- **Required action**:
If pictures appear among the lines below, leave them out while you return exactly the lines from the one with "T5铝塑分体LED灯管1.2米高亮一体化日光灯管玻璃全塑内置驱动" through the one with "Để làm được".

- **Excerpted data**:
══════════
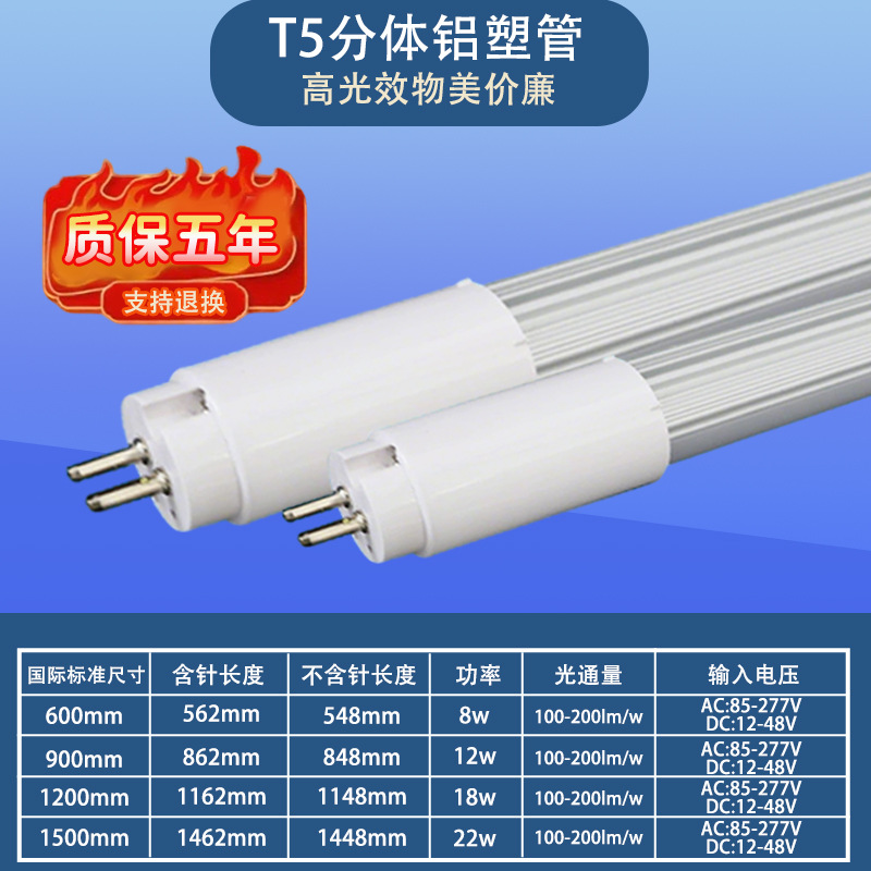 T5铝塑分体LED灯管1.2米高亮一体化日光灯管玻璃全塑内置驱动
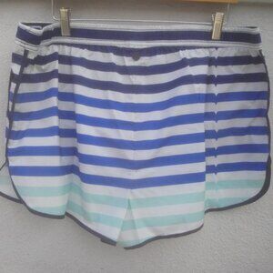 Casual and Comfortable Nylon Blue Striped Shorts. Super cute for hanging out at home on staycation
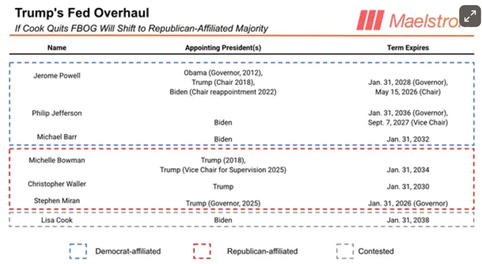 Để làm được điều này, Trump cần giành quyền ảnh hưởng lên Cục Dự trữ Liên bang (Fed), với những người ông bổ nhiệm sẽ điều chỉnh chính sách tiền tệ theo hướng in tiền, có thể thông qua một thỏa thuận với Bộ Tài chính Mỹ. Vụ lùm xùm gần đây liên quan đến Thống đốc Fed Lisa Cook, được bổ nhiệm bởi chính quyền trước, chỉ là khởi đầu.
══════════
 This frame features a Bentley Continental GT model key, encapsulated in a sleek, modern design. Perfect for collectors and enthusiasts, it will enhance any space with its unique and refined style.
══════════
- **Response**:
 T5铝塑分体LED灯管1.2米高亮一体化日光灯管玻璃全塑内置驱动
 Casual and Comfortable Nylon Blue Striped Shorts. Super cute for hanging out at home on staycation
 Để làm được điều này, Trump cần giành quyền ảnh hưởng lên Cục Dự trữ Liên bang (Fed), với những người ông bổ nhiệm sẽ điều chỉnh chính sách tiền tệ theo hướng in tiền, có thể thông qua một thỏa thuận với Bộ Tài chính Mỹ. Vụ lùm xùm gần đây liên quan đến Thống đốc Fed Lisa Cook, được bổ nhiệm bởi chính quyền trước, chỉ là khởi đầu.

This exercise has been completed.